Jimmy had been her first love, and she couldn’t imagine feeling about any man the way she had felt about him. Nor did she want to. Love, real love, was both a lightness and a weight, a gift and a burden, one that she didn’t have it in her to give or receive any more. Of course nobody really believed her—her friends and family were convinced that it was just grief talking—but she knew that part of her life was over, and no amount of sunshine or salsa was going to change that fact.
Glancing down into the water, she felt her pulse jump as she spotted a cantaloupe-coloured starfish floating serenely in the gin-clear shallows.
Starfish! What was that in Spanish? she wondered. It wasn’t the kind of word she’d learned in the lessons she’d been taking back home—the lessons that had seemed less like a hobby and more like fate when Dos Rios had offered her this four-month contract.

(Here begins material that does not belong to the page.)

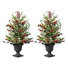 Glitzhome Set of Two 36"H Christmas Lighted Berry and Pine Cone Urn Porch Tree, 20 Warm White Lights with timer

Star was estrella and fish was pescado, but that didn’t sound quite right. If only Lizzie was here to help. Her sister had studied Spanish and French at university and had a natural affinity for languages, whereas her own dyslexia had made even learning English a challenge.
Pulling out her phone, she was just about to look up the word when it began to vibrate.
Her lips curved upwards. Speak of the devil! It was Lizzie.
‘Are your ears burning?’ she asked.
‘No! But my feet are soaking wet. Will that do?’
Hearing her sister’s burst of laughter, Kitty started to smile. ‘Why are your feet wet?’
‘It’s not just my feet. I’m soaked through. And please don’t tell me that you miss the rain!’